Dataset excerpts:

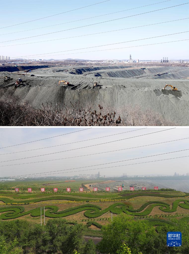 拼版照片:上圖為遼寧省撫順市西露天礦部分區域生態恢復前的場景(2019年3月6日攝,資料照片);下圖為遼寧省撫順市西露天礦部分區域生態恢復后的場景(新華社記者楊青2022年6月2日攝,無人機照片)。新華社發
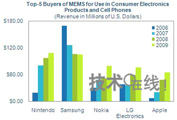 2009年購買消費(fèi)類電子產(chǎn)品與手機(jī)用MEMS的企業(yè)排行榜
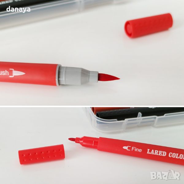 Двувърхите флумастери от Lared разполагат с 2 различни върха – объл (fine tip) и тип четка (brush tip) за направата на фини детайли и комфортно оцветяване. Маркерите с двоен връх са идеални за добавяне на акценти и детайли в различни арт и крафт проекти. Те са подходящи за писане, рисуване, скициране и могат да се използват върху всички видове хартия и картон. Цветните маркери с двоен връх имат ергономична триъгълна форма на корпуса и вентилирана капачка, която предотвратява бързото им изсъхване.
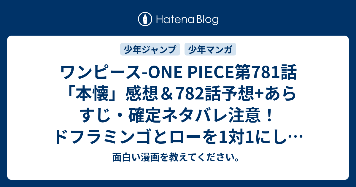 ワンピース One Piece第781話 本懐 感想 7話予想 あらすじ 確定ネタバレ注意 ドフラミンゴとローを1対1にして見守ったルフィは 週刊少年ジャンプ感想18号15年 Wj 面白い漫画を教えてください
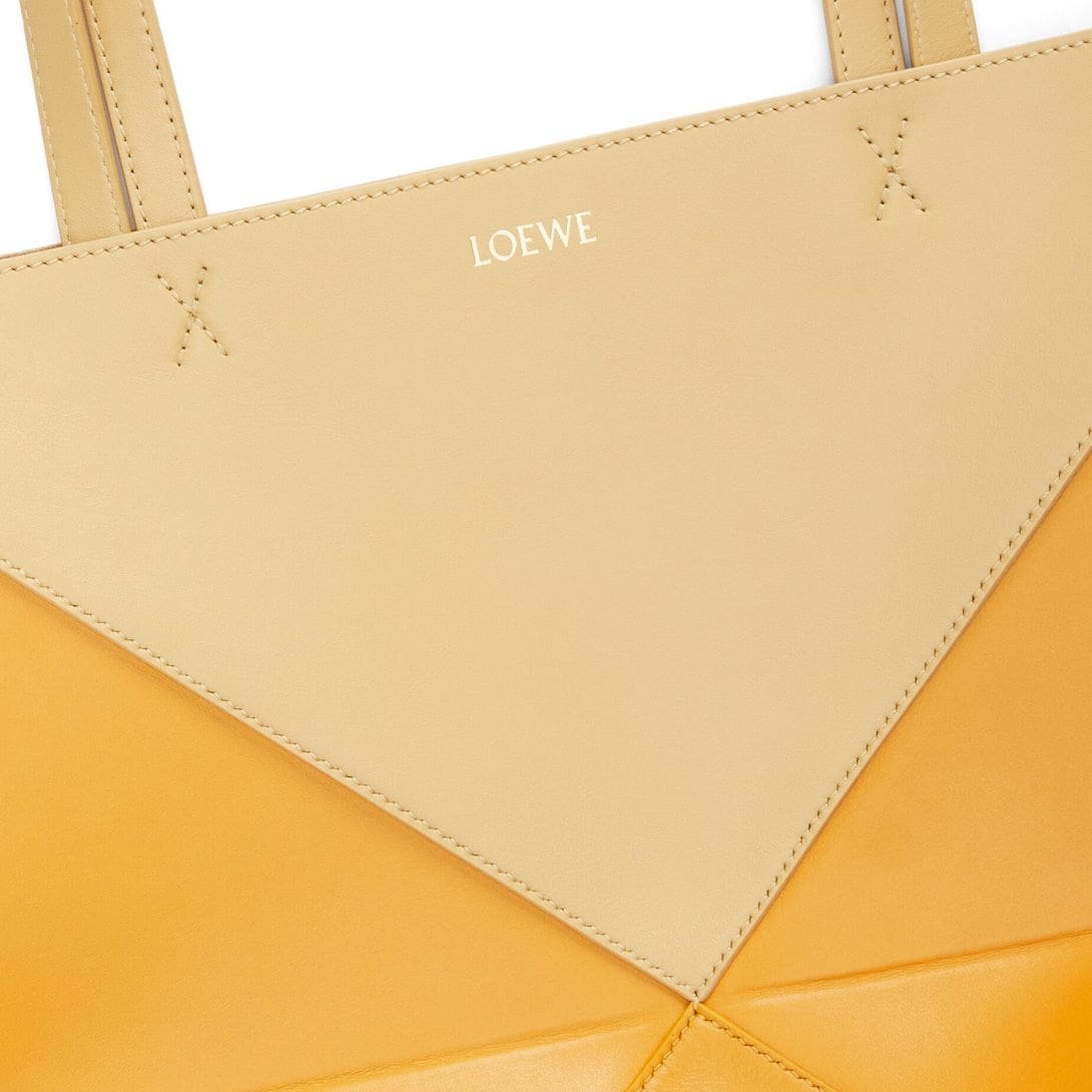 Indulge in luxury with the exquisite craftsmanship of the LOEWE Puzzle Fold Tote Bag In Shiny Calfskin, crafted from polished calf leather. This sophisticated accessory is both timeless and versatile, embodying the epitome of elegance.

Problem to solve: Both ends included, copy word for word the lines from the top of the entries above through the line with "2009年購買消費(fèi)". No pictures.

The completed task:
 拼版照片:上圖為遼寧省撫順市西露天礦部分區域生態恢復前的場景(2019年3月6日攝,資料照片);下圖為遼寧省撫順市西露天礦部分區域生態恢復后的場景(新華社記者楊青2022年6月2日攝,無人機照片)。新華社發
 2009年購買消費(fèi)類電子產(chǎn)品與手機(jī)用MEMS的企業(yè)排行榜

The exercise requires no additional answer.